▸ **PROVIDED DATA**:
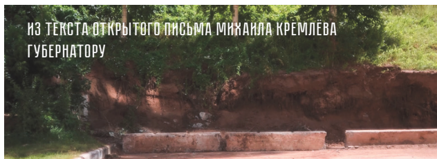
ИЗ ТЕКСТА ОТКРЫТОГО ПИСЬМА МИХАИЛА КРЕМЛЁВА ГУБЕРНАТОРУ
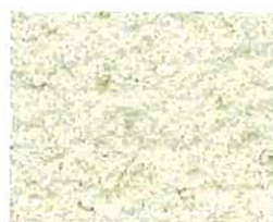
Blanc cassé (G 20)
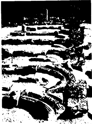
1. Храм Звартноц, фрагменты аркатуры нижнего яруса, собранные реставраторами.

существовали в Северной Сирии, где на приставленные к стене круглые колонны опирались не арки, а фриз с небольшими, взаимно удаленными конхами. Таковы колоннады алтарей церквей Калат Семана, Турманина, Калб Лозе и др. монастырей второй половины V – первой половины VI вв. 4 Близкое решение с мраморными колоннами, вероятно, существовало в раннем варианте базилики Ахейропоеос в Фесалонниках (450-470-х гг.), что позволило Содини поднять вопрос о влиянии архитектуры известнякового массива Сирии на архитектуру этой церкви. 5 Однако и пристроенный при императоре Феодосии I в 390 г. алтарь Ротонды в Фесалонниках мог содержать оформление мраморными колоннами. 6 Сохранившиеся образцы свидетельствуют о живом интересе к подобной теме декора во всем восточнохристианском мире, но с художественной и конструктивной точек зрения они значительно отличаются от армянских примеров. Так, тема аркатуры активно развивалась в раннехристианской и ранневизантийской пластике, имитирующей архитектурные образы. Примерами могут служить римский серебряный парец конца IV в. или надгробный рельеф VI в. из Константинополя, напоминающий сторону саркофага. 8 Чисто аркатурный декор армянских памятников имеет подобие в киликийско-исаврийском регионе Малой Азии. Это оформление апсиды базилики в Флабиосе (Кадирли) начала VI в. 9 Тут, как и в армянских образцах, опорами пристенных арок служат парные полуколонки, рельефно выступающие из стены однородного камня.
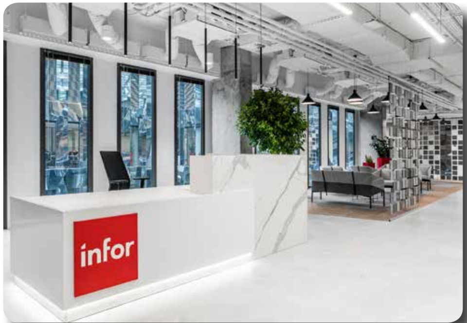
Infor Entwicklungszentrum in Breslau

Bereits Ende 2018 wird es schon einen kleinen Vorgeschmack geben: Dann wird der Mitarbeiter Self Service in der neuen Technologie veröffentlicht! Die Freigabe des neuen Finanzwesens ist für das zweite Halbjahr 2020 geplant. Das neue Personalwesen wird voraussichtlich Ende 2021 freigegeben werden.
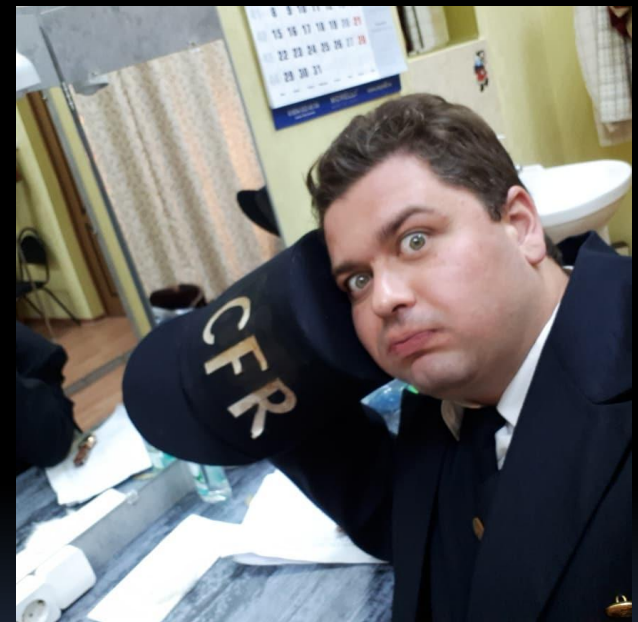
The Head of the station – “Nameless Star” by Mihail Sebastian
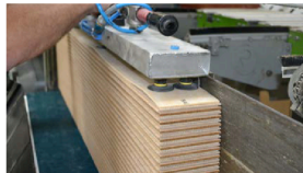
Die patentierte Silente-Unterlage, die bis zu 90 % aus natürlichen Rohstoffen besteht, wird werkseitig aufgebracht.

Die Silente-Technologie setzt Bauwerk bei seinen Produkten Cleverpark und Multipark ein. Für die Systemlösung wird eine Tritt- und Raumschalldämmunterlage werkseitig auf die Dielen aufgebracht. Das ca. 3 mm dicke Material aus bis zu 90 % natürlich vorkommenden Rohstoffen ist auslobt als geruchsneutral, alterungsbeständig sowie
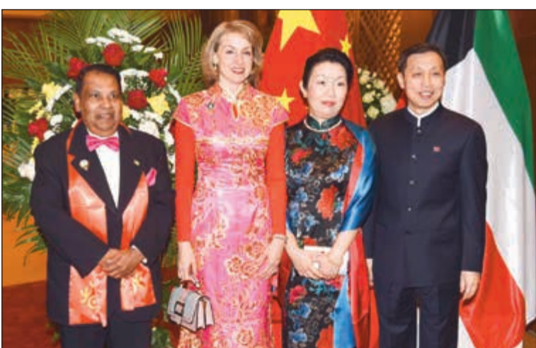
سفير غايانا، د. شامير علي مهنتا
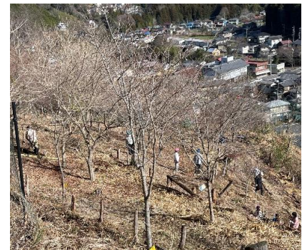
皆で力を合わせて植樹
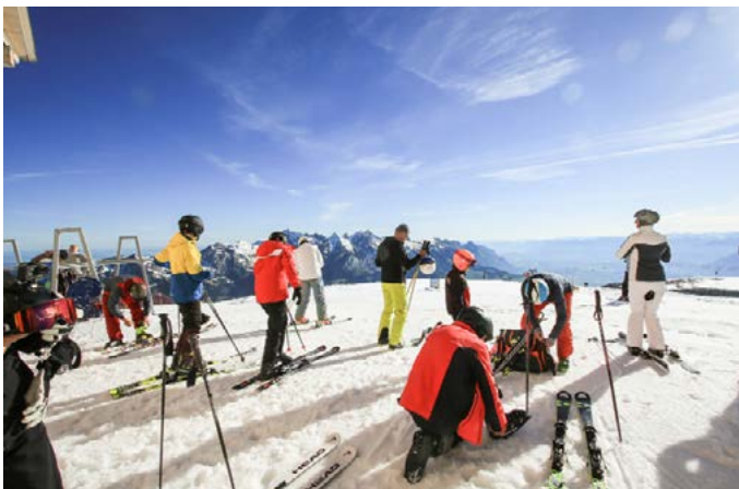
1K4A5342 Bild 01: Sommer Skifahren auf dem Chäserrugg

Bilderauswahl Skifahren am 28. & 29. Mai 2021: Was für ein Sommerstart am Chäserrugg! Download Bildmaterial: https://we.tl/t-MTEVozOTRH
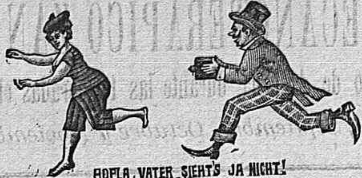
POELA, WATER SIETS JA NICH! ACCESORIOS FOTOGRAFICOS DE TODAS CLASES Laboratorio e Instrucciones, gratis
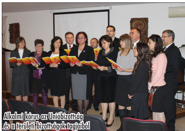
Alkalmi kórus az Unióbizottság és a területi bizottságok tagjaiból

A hétvége célja volt, hogy az egyház szolgáltatásainak lehetőségeiről és kihívásairól tanácskozzunk és meghatározzuk a Magyar Unió következő öt évének stratégiai céljait. Az előkészítő munkálatok már hónapokkal korábban elkezdődtek, amikor az Unióbizottság tagjai megismerhették a Generál Konferencia célkitűzéseit. Az intézményvezetők és osztályvezetők előre megkapták a feladatot, hogy tekintsék át a felelősségi területüket, határozzanak meg célokat, hangsúlyos területeket a szolgáltatáson belül, fogalmazzák meg, milyennek szeretnék látni az általuk vezetett területet. A lelkészeket is bevontuk a feladatba: egyrészt egy SWOT analízis keretében megfogalmazták, hogyan látják az egyház jelenlegi helyzetét, milyen erősségeket, gyengeségeket, lehetőségeket és veszélyeket látnak az egyház életében.
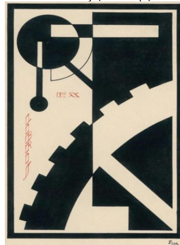
Рис. 4. Лев Гец. Екслібрис. 1930-ті рр.
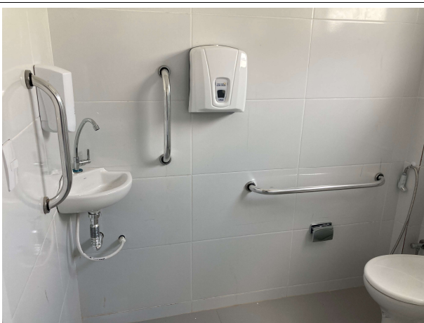
Fig. 19 – Banheiros com acessibilidade
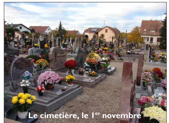
Le cimetière, le 1 er novembre
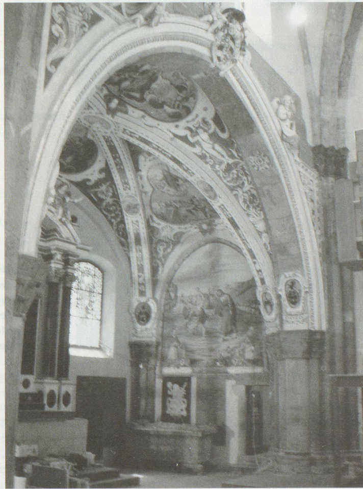
Innenansicht der Churer Kathedrale.

BABS. Wie üblich trafen sich die kantonalen KGS-Verantwortlichen mit den Vertretern des Fachbereichs Kulturgüterschutz zu einem eintägigen Rapport, der in diesem Jahr in Chur stattfand. Hauptthema waren die Arbeiten im Rahmen der Revision des KGS-Inventars, welches 2008 in dritter Fassung erscheinen soll. Dasselbe Thema bildete auch einen Schwerpunkt am diesjährigen Jahresrapport des Schweizerischen Komitees für Kulturgüterschutz in Genf.
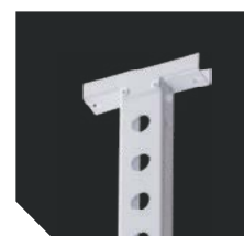
ST 54. Жесткое крепление
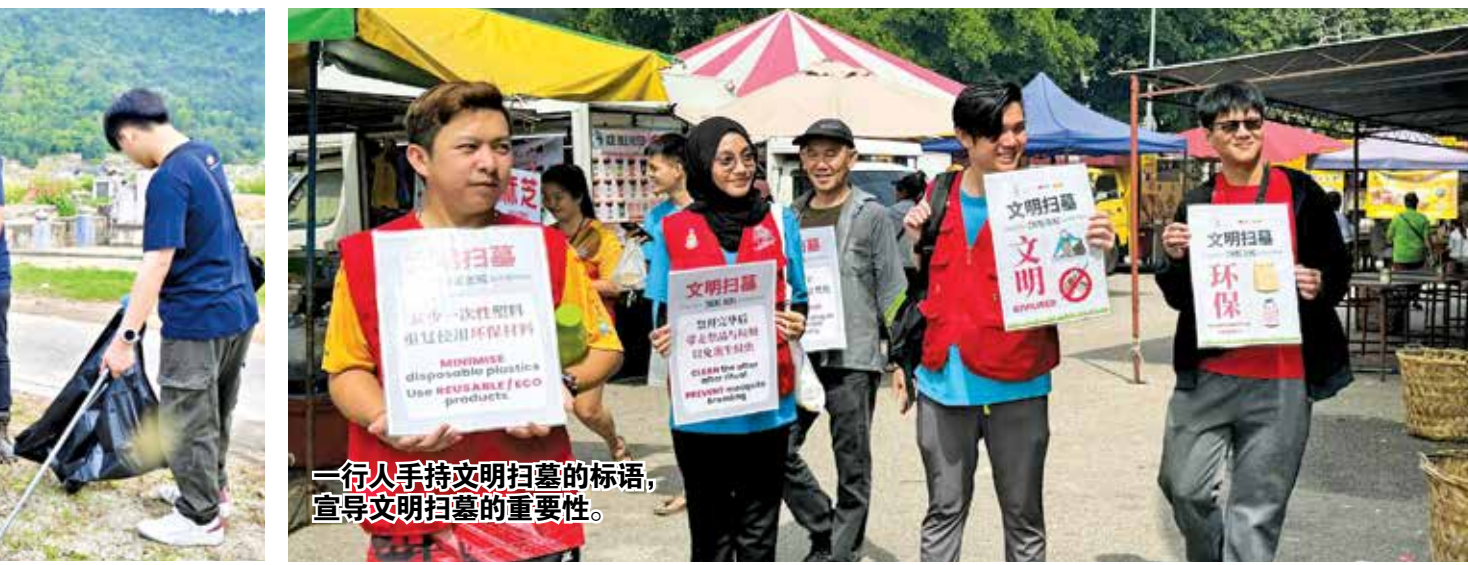
一行人手持文明扫墓的标语，宣导文明扫墓的重要性。
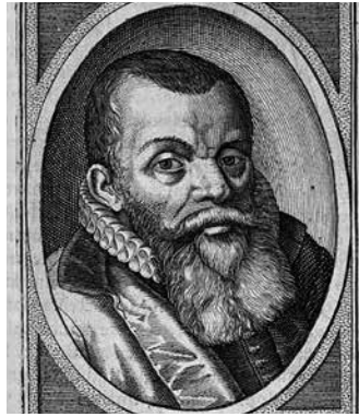
Conrad Vorstius volgde Arminius op als hoogleraar in Leiden, na diens overlijden.
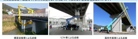
橋梁点検車による点検

・特殊点検車両や船舶等で、ふだんは見えない箇所近づいて技術者が近接目視点検しています。
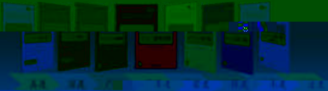
一体化课程教学设计 综合实训基地
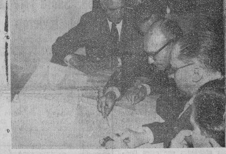
Tres documentos gráficos de la visita realizada ayer por el excelentísimo señor ministro de Obras Públicas a las obras del túnel de "La Engaña". De arriba a abajo, el señor Vigón, a la salida del túnel, dirigiéndose hacia el poblado obrero; el ministro pronunciando unas palabras en el almuerzo íntimo celebrado en el poblado y por último, examinando los planos de las obras.

Prometió el ministro apoyar la petición de ambas provincias para que el Estado saque a subasta el tramo final de infraestructura del ferrocarril Santander-Mediterráneo
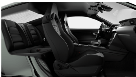
エボニーRECAROレザーwithグリーンス ティッチ(OP)
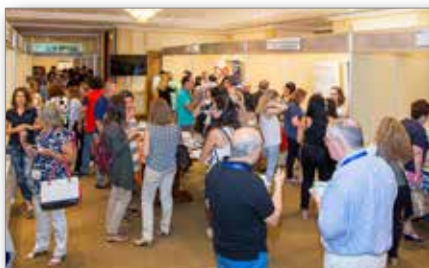
Στιγμιότυπο έκθεσης 15 ου Π.Ο.Σ.
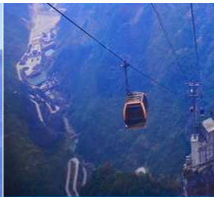
กระเช้าขึ้นเทียนเหมินซาน
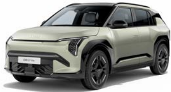
Aventurine Green Kleurcode: AG3
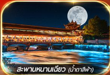
สะพานหนานเจียว (น้ำตาสีฟ้า)
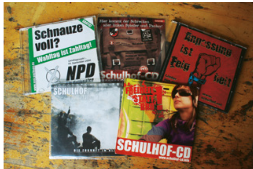
Bis vor wenigen Jahren versuchten Rechtsextreme immer wieder durch so genannte Schulhof-CDs ihre Ideologie unter junge Menschen zu bringen. Heute tritt Rechtsextremismus in der Schule meist in anderer Form auf.

tungen vor ganz verschiedene Herausforderungen. Dies verwundert nicht weiter, belegen verschiedene Studien aus den letzten Jahren doch, dass rechtsextreme Einstellungen bis in die Mitte der Gesellschaft reichen (vgl. u.a. Zick/Küpper/Krause 2016). Fünf Prozent der Befragten vertreten nach der sogenannten „Leipziger Mitte-Studie“ (vgl. Kiess/Decker/Brähler 2016) ein geschlossen rechtsextremes Weltbild. In Schleswig-Holstein liegen diese Werte laut einer vom Innenministerium in Auftrag gegebenen Studie (vgl. RfK 2016) noch etwas höher als im gesellschaftlichen Durchschnitt: So zeigen acht Prozent der befragten Schüler*innen eine rechtsorientierte 2 bis rechtsextreme Haltung, bei Berufsschüler*innen liegt der Wert bei elf Prozent 3 (→ Kapitel 2 ).
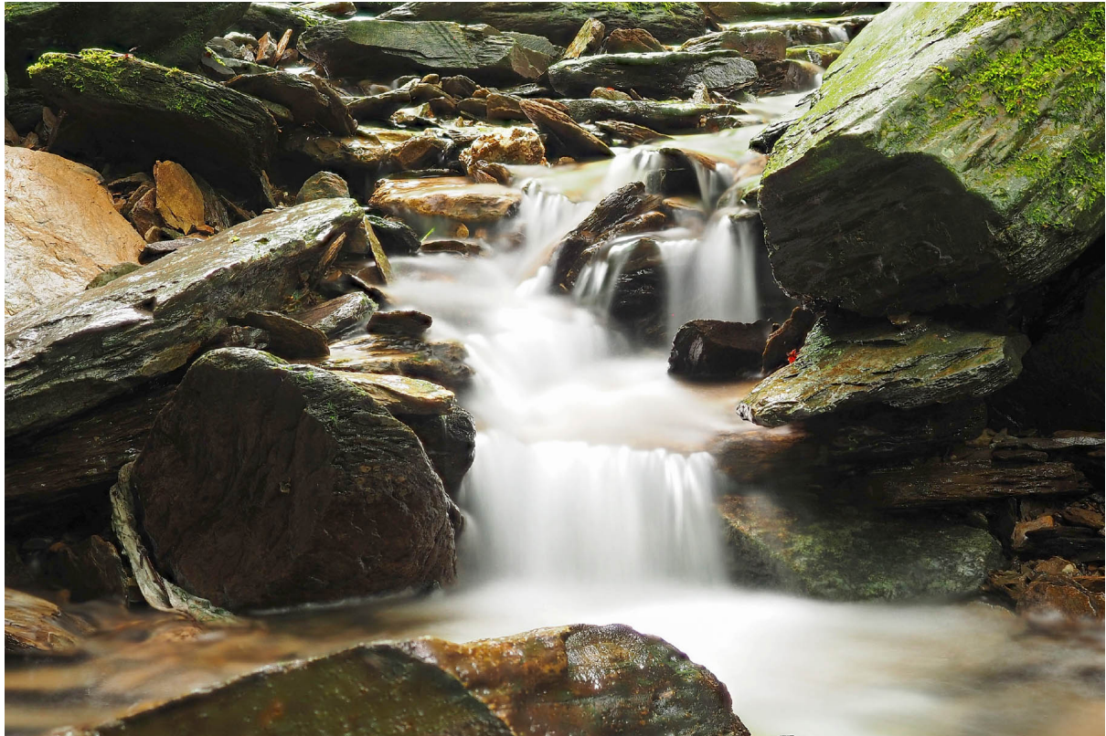
Bachlauf im Schluchtenpfad

Olympus OMD E-M1 MIII · 12–40 mm · f/2.8 · 32 mm · 10 s · ISO 200 · ND64-Graufilter

▸ **TASK OBJECTIVE**: All pictures are to be skipped; the lines from the first line of the records through the line containing "1. Храм Звартноц, фрагменты" are to be repeated exactly, both ends included.

▸ **RESPONSE BELOW**:
ИЗ ТЕКСТА ОТКРЫТОГО ПИСЬМА МИХАИЛА КРЕМЛЁВА ГУБЕРНАТОРУ
Blanc cassé (G 20)
1. Храм Звартноц, фрагменты аркатуры нижнего яруса, собранные реставраторами.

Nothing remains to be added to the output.